Hope you like this next bit. If Professor McGonagall's the recipient of this joke gift, we’re truly sorry. If it’s anyone else, you must have done something to piss us off, so you deserve this. Enjoy the ending to your story. We know we will!

-Weasley’s Wizarding Wheezes

PART 19

Suddenly Hermione found herself atop a ridiculously large bed that was roughly the size of her dorm room. The bed was draped in layers upon layers of white and sheer silk, and it sat in the middle of a bedroom that was no smaller than the Great Hall.

To her horror, she was nude. Her unclothed form lay atop the layers of fine white silk, and she wondered what had just happened. A movement from the corner of the room drew her attention, and she moved her gaze to see the extremely naked form of Prince Severus moving towards her.

PART 20

“Well, Cinderella, aren’t we a naughty girl?” Prince Severus asked in his husky, seductive voice.

He moved down onto the mattress and proceeded to rub his hand up the inside of her thigh, causing her breath to catch in her throat. He moved over her and used one hand to brace himself while the other moved to tug playfully at her nipple. Each pinch on her tender, pink flesh sent a jolt of pleasure straight to her nether regions. He lowered his face to taker he lips in a crushing kiss, at the same time positioning himself at her center.

PART 21

With one, quick thrust he was inside of her, and she could not prevent the screams of his name that seemed to escape her mouth of their own accord. A few seconds later and she was over the edge, a heat coursing through her body straight down into her toes.

Prince Severus seemed to finish in time with her, as he rolled off to her side once she had caught her breath. She reached over to touch her imaginary lover when she realized with horror that he was no longer Prince Severus, but Severus Snape, black bat of the dungeons!

PART 22

Snape was laying beside her, clad in his billowing black teaching robes with midnight colored frock button-up underneath, looking at her in triumph. He reached into his pocket and pulled out a piece of parchment. He handed it to her and looked on as she read it. The parchment had only one sentence on it:

Happy Halloween!

Suddenly her world was changing again, and she found herself back in the grown-up free living room of the Burrow.

Fred, George and Ginny were rolling on the ground and holding their sides, laughing hysterically with tears of amusement streaming down their faces.

PART 23

Ron was giving her a concerned and genuinely frightened look.
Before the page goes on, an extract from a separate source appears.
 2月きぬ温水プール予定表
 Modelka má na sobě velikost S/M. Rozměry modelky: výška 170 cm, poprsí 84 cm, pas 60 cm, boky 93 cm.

Hermione attempted to run, but was stopped immediately.

“Oh no you don’t!” Fred announced, bouncing up and blocking Hermione’s exit.
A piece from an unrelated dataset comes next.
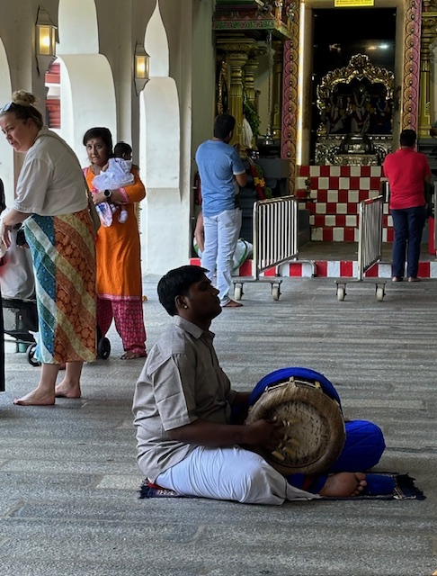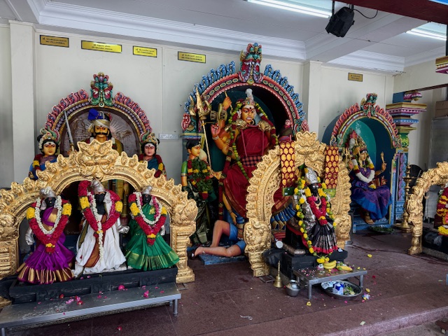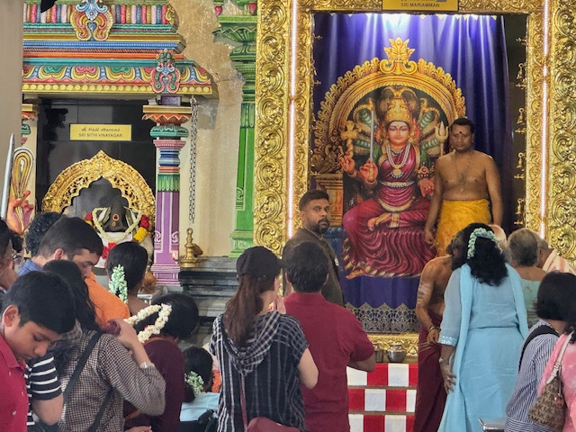 We visited the Sri Mariamman Temple, Singapore’s oldest Hindu temple constructed in 1827 for use by immigrants from Southern India. The temple is dedicated to the goddess of healing epidemic diseases, Mariamman. The temple’s tower entrance was completed in 1962 and is modeled on intricate sculpture work of temple architecture in Southern India.

“Yeah,” George continued. “Aside from our little… Halloween prank at the end,” George winked at Fred, “what did you think of the Pumpkin Story?”

Hermione took a moment to try to calm her still sex-with-Severus-flushed face. Eventually, once she had regained some of her composure, she turned back to Fred and George.

“What do I think?” She said with a blush. “I think I should have chosen the apple.”